The Eurodollar market is not just an interesting analytical problem for econ­
omists. It is an important practical problem for the monetary authorities. The
massive movements of funds to and from the Eurodollar market have made it more
difficult to implement national monetary policy. The obvious solution is to have
international cooperation to control the Eurodollar market, with the Bank for
International Settlements acting as the agent for the central banks. It would be a
pity if the operations of such a large and useful international money market were
to be hampered by imposing restrictions. As Professor Machlup says, it would be
better to remove the artificial obstacles that have caused massive movements of
Eurodollars by ending the limitations on the interest rates that U.S. banks can pay
in bidding for funds. My own preference would be to let the Eurodollar market
remain free to compete for deposits and loans from corporations.

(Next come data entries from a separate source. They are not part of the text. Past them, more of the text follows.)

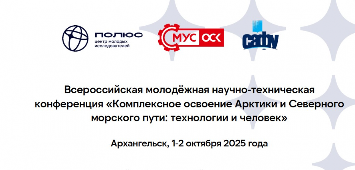 Приглашаем студентов, аспирантов и молодых учёных университета на Всероссийскую молодёжную научно-техническую конференцию «Комплексное освоение Арктики и Северного морского пути: технологии и человек», которая состоится в Архангельске с 1 по 2 октября 2025 года.
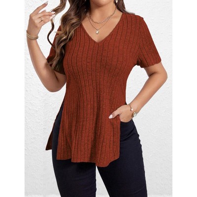 Women's Chic V-Neck Ribbed Knit Top - Cupshe
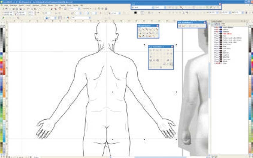 Systematisch ging Hans-Jürgen Stoffels vor. Zu allererst musste das gesamte Material zusammengetragen werden: Aktfotos, Organfotos aus der Anatomie, Zeichnungen, Modelle. Hier war alles zulässig: Als eine Fundgrube erwies sich zum Beispiel das Internet. Von dort wurde die Zeichnung eines Skeletts heruntergeladen und diente als Vorlage. Natürlich musste das Material vereinheitlicht und angepasst werden. „Zum Beispiel, wenn auf einem Foto die Frau nicht dieselbe Stellung einnahm wie der Mann - dann hab ich das mit der CorelDRAW Graphics Suite angeglichen.“ Das Endziel war: lineare Zeichnungen von Körpern, Skeletten und Organen herzustellen, die frei skalierbar und in EPS, WMF oder PNGs exportierbar sind - für Präsentationen oder für Formulare.
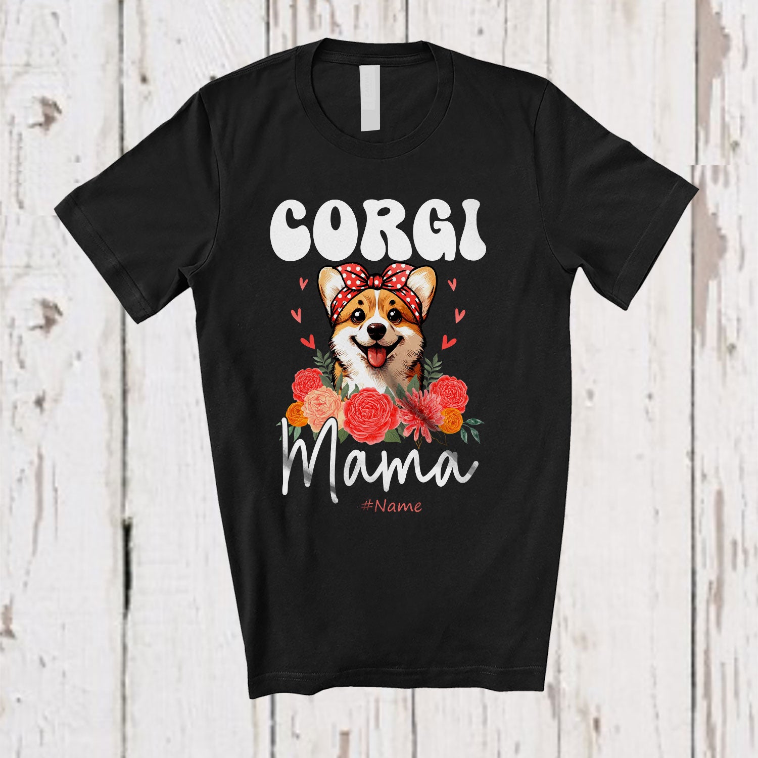 Personalized Custom Name Corgi Mama; Adorable Mother's Day Flowers Bandana; Family T-Shirt

I believe, however,
that the international monetary operations of banks, in this country and abroad,
through the Eurodollar market or through national markets, should be subject to
central bank control, not for balance of payments reasons but for monetary policy
reasons.

Carl H. Stem
Let me commend Professor Machlup for his paper. It includes very comprehensive
analysis of the creation— of Eurodollars, that is— and has great value as a synthesiz­
ing piece. He has constructed an analytical framework which, I believe, is quite
useful in analyzing the Eurodollar system. In fact, it resembles in many respects
the work on Eurodollars which I began in 1967 under the inquisitive guidance of
Professor Haberler.1
I will focus my attention first on Professor Machlup’s analysis of the creation—
or expansion— of Eurodollars and Eurodollar credit. Then I will turn to the matter
of controlling Eurodollar banking.
1 Carl H. Stem, The E urodollar System: An Analysis o f Its Credit Function and Im pact on
the International Finaficial Position o f the United States, an unpublished Ph.D. dissertation
submitted to Harvard University, December 1968.